The organizational communication and integrated marketing and communication sequences proved to be the most valuable courses for me because they paralleled the work I do now.
[MastersinCommunications.com] What advice would you give students just starting Westminster College’s Master of Strategic Communication program? More broadly, what advice would you give students who are either considering or starting a master’s in communication program, whether it is at Westminster College or another university?
[Autumn Thatcher] I would say to be prepared for a lot of work. It took me a little while to adjust to life in graduate school, but it was a rewarding experience that I would not trade. In today’s world, higher education is deemed less important than it once was. I would argue that it is more important than ever. Continued learning is crucial for personal development and it plays an important role in helping humans understand one another and become more familiar with the lived experiences of others.

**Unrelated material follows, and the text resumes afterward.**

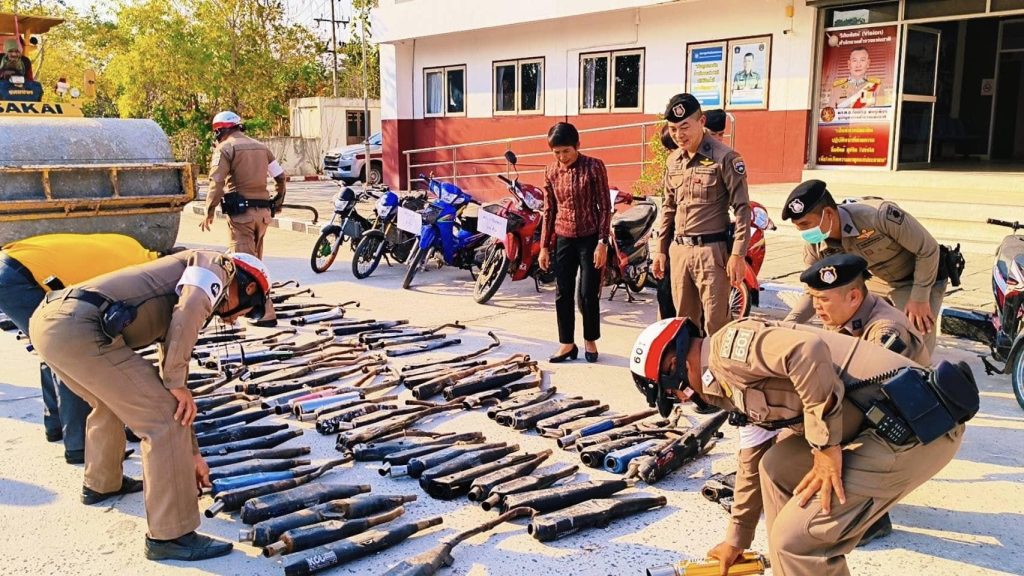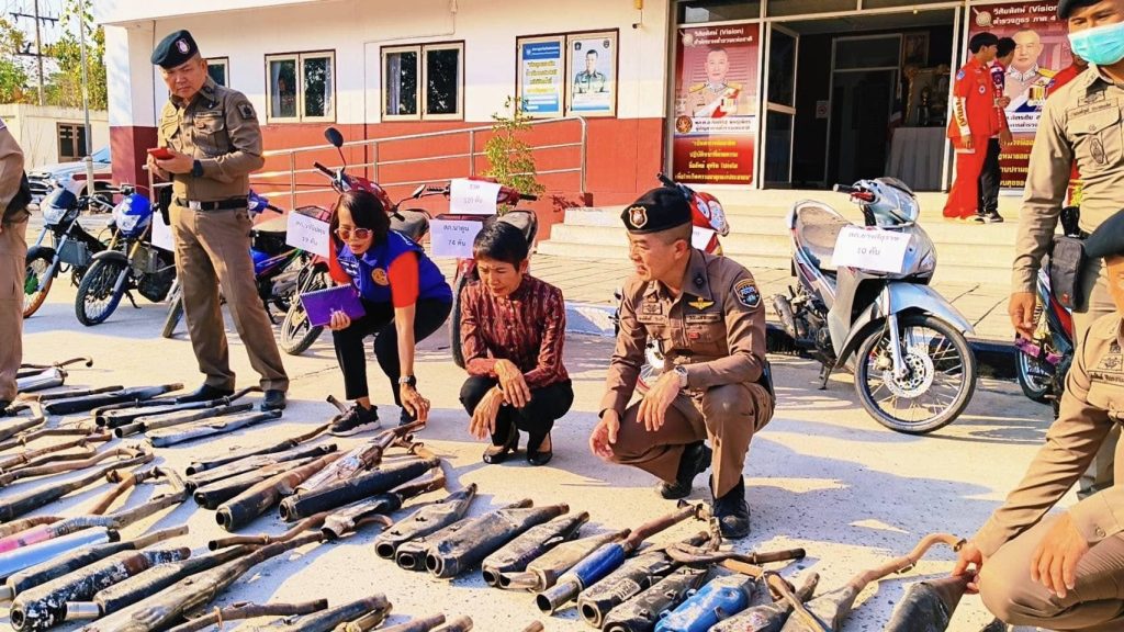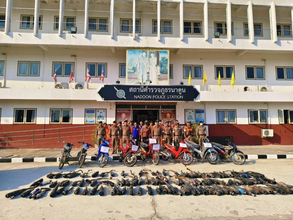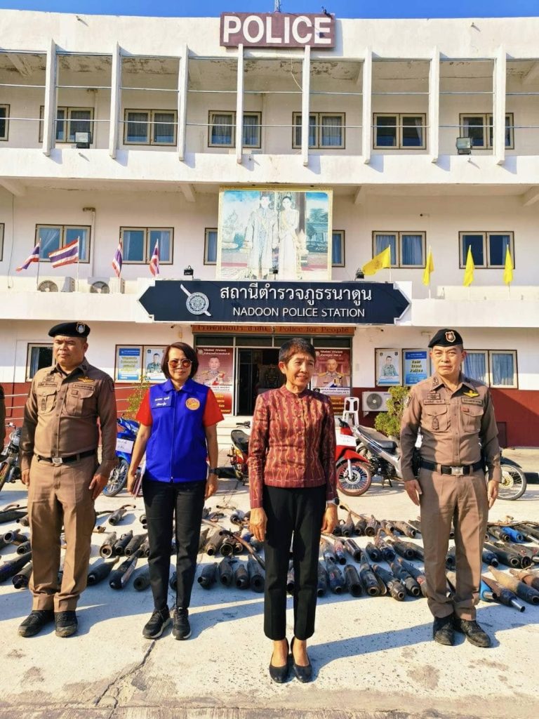 พ.ต.อ.พงษ์ศักดิ์ วีระศิริ ผกก.สภ.นาดูน พร้อมด้วย พ.ต.ท.ศักดิ์สิทธิ์ ศิริประภานนท์กุล รอง ผกก.(สอบสวน) สภ.นาดูน, นางอรวรรณ นุตะดี ปลัดอาวุโส, กต.ตร.สภ.นาดูน และภาคีเครือข่าย ร่วมเป็นสักขีพยาน ในการนำรถจักรยานยนต์และท่อไอเสียที่ไม่ได้มาตรฐาน มอก.กำหนด ซึ่งตรวจยึดตามมาตรการป้องกัน ปรามปรามการแข่งรถในทาง รถเสียงดังก่อให้เกิดความเดือดร้อนรำคาญในพื้นที่ สภ.นาดูน สภ.วาปีปทุม สภ.นาเชือก สภ.ยางสีสุราช สภ.กำพี้ จำนวน 120 รายการ มาทำลายไม่ให้นำกลับมาใช้งานได้

I chose to attend graduate school because I did not know what to do next in my career. I found a job that I love and get to work in an environment that I am passionate about because I returned to school. But more than that, I connected with peers and learned about concepts in the world of communication that I had not previously studied. I dove into tough work and helped develop exciting solutions that we presented to organizations that, for example, advocate for youth suicide prevention and help young women in Peru achieve an education. The MSC program gave me the opportunity to do real work and feel connected to those we were trying to help—and learn more about myself and where my strengths lie in the process. I do not think I would have done anything differently other than try and relax more and not stress so much. As with most things, graduate school was over before I knew it. Future students should give the program their all because it is designed specifically for helping students grow and excel in the field of communication. You never know what kind of opportunities will arise from the program, so take advantage of the direct link with expert faculty and get to know them—as well as your peers—and don’t be afraid to try new things.
Thank you, Ms. Thatcher, for your excellent insights on Westminster College’s Master of Strategic Communication program!